Anyone have any experience with MDSJ? The following input produces only NaN results and I can't figure out why. The documentation is pretty sparse.
import mdsj.Data;
import mdsj.MDSJ;
public class MDSJDemo {
public static void main(String[] args) {
double[][] input = {
{78.0, 60.0, 30.0, 25.0, 24.0, 7.125, 1600.0, 1.4953271028037383, 15.0, 60.0, 0.0, 0.0, 50.0},
{63.1578947368421, 51.81818181818182, 33.0, 30.0, 10.714285714285715, 6.402877697841727, 794.2857142857143, 0.823045267489712, 15.0, 20.0, 2.8571428571428568, 0.0, 75.0},
{55.714285714285715, 70.0, 16.363636363636363, 27.5, 6.666666666666666, 5.742574257425742, 577.1428571428571, 0.6542056074766355, 12.857142857142856, 10.0, 17.142857142857142, 0.0, 25.0}
};
int n=input[0].length; // number of data objects
double[][] output=MDSJ.classicalScaling(input); // apply MDS
System.out.println(Data.format(output));
for(int i=0; i<n; i++) { // output all coordinates
System.out.println(output[0][i]+" "+output[1][i]);
}
}
}
This is the output:
NaN NaN NaN NaN NaN NaN NaN NaN NaN NaN NaN NaN NaN
NaN NaN NaN NaN NaN NaN NaN NaN NaN NaN NaN NaN NaN
NaN NaN
NaN NaN
NaN NaN
NaN NaN
NaN NaN
NaN NaN
NaN NaN
NaN NaN
NaN NaN
NaN NaN
NaN NaN
NaN NaN
NaN NaN
Perhaps I'm using MDS incorrectly. Each subarray of length 13 in input
is intended to represent one object, yet MDSJ is returning 13 points.
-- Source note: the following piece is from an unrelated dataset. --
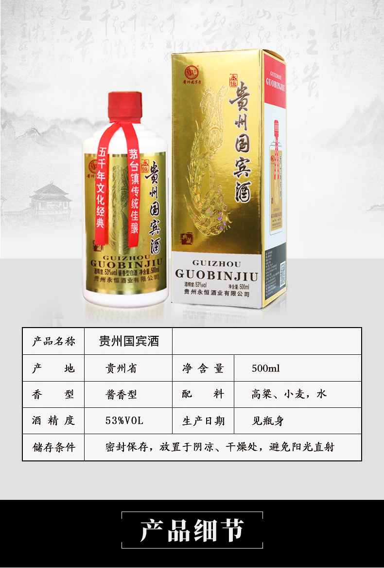 贵州台皇子茅台镇国宾酒酱香型53度白酒500ml×6瓶

It also fails for this input:
double[][] input = {
{3, 4, 3},
{5, 6, 1},
{0, 1, 2}
};
EDIT: It appears that I have been using it wrong. I had been giving it an input like this:
Object A: {30d, 1d, 0d, 4.32, 234.1}
Object B: {45d, 3.21, 45, 91.2, 9.9}
Object C: {7.7, 93.1, 401, 0d, 0d}
But what it actually wants is a distance matrix like this:
A B C
A 0 3 1
B 3 0 5
C 1 5 0
Not exactly, though, because for this input:
double[][] input = {
{0, 3, 1},
{3, 0, 5},
{1, 5, 0}
};
I get this result:
0.8713351726043931 -2.361724203891451 2.645016918006963
NaN NaN NaN
0.8713351726043931 NaN
-2.361724203891451 NaN
2.645016918006963 NaN
But if it does want an array of distances, what is the point of using MDS in the first place? I thought it was supposed to boil an array of attributes down into coordinates.
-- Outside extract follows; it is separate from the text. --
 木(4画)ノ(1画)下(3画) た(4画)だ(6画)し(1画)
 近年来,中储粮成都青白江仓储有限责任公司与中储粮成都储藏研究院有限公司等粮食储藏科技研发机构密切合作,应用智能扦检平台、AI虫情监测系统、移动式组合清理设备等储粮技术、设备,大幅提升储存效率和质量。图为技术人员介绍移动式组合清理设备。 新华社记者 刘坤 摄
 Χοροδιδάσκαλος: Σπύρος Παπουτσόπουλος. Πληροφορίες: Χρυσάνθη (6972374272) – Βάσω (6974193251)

如果你对这篇内容有疑问,欢迎到本站社区发帖提问 参与讨论,获取更多帮助,或者扫码二维码加入 Web 技术交流群。
绑定邮箱获取回复消息
由于您还没有绑定你的真实邮箱,如果其他用户或者作者回复了您的评论,将不能在第一时间通知您!
发布评论
评论(1)
多维缩放将距离转换为坐标 - 如果您已经在高维空间中拥有坐标并希望将它们最佳地嵌入到低维空间中,那么主成分分析 (PCA) 可能就是您正在寻找的技术。
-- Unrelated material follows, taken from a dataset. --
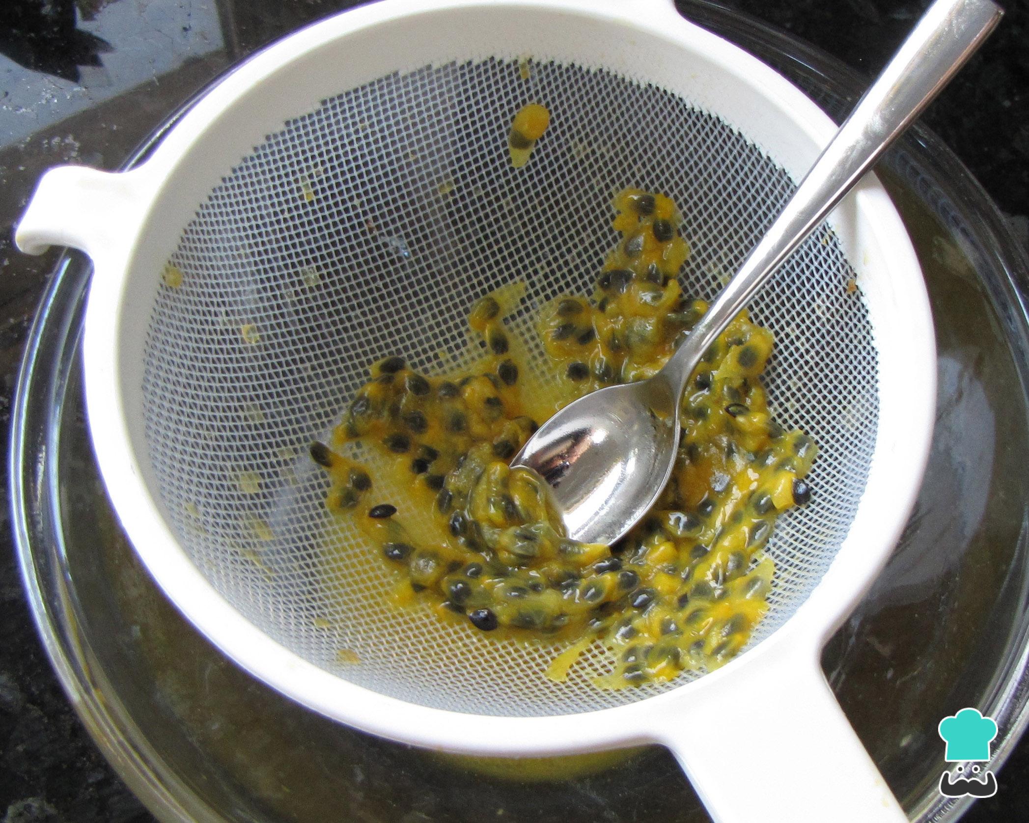 Para fazer o molho de maracujá e alcaparras retire a polpa dos maracujás e bata no liquidificador ou no processador. Passe por uma peneira, para filtrar as sementes.

经典MDS和PCA密切相关:首先,MDS将输入距离转换为初步的高维坐标(维度与描述的对象数量一样高);其次,通过消除最不重要的轴,在类似 PCA 的步骤中降低这些坐标的维数。
使用 MDS 的要点是,在某些设置中,输入距离不是从现有坐标导出的,而是从其他非几何的东西导出的,例如,人们做出的相异性评级。
您的 3x3 相异矩阵不遵守度量空间中所需的三角不等式(因为 d[1][0]+d[0][2]
Multidimensional Scaling turns distances into coordinates - if you already have coordinates in a high-dimensional space and want them embedded optimally in a low-dimensional space, Principal Components Analysis (PCA) is probably the technique you are looking for.
Classical MDS and PCA are closely related: First, MDS converts input distances into preliminary high-dimensional coordinates (the dimension being as high as the number of objects described); second, the dimensionality of these coordinates is reduced in a PCA-like step by getting rid of the least important axes.
The point of using MDS is that in some settings the input distances are not derived from existing coordinates, but from something else, which is non-geometric, for example, dissimilarity ratings made by people.
Your 3x3 dissimilarity matrix does not obey the triangle inequality needed in metric spaces (because d[1][0]+d[0][2]<d[1][2]) and can thus not be accurately embedded in a Euclidean space. Technically, the NaN values in the second dimension are due to the negative second eigenvalue of the modified dissimilarity matrix.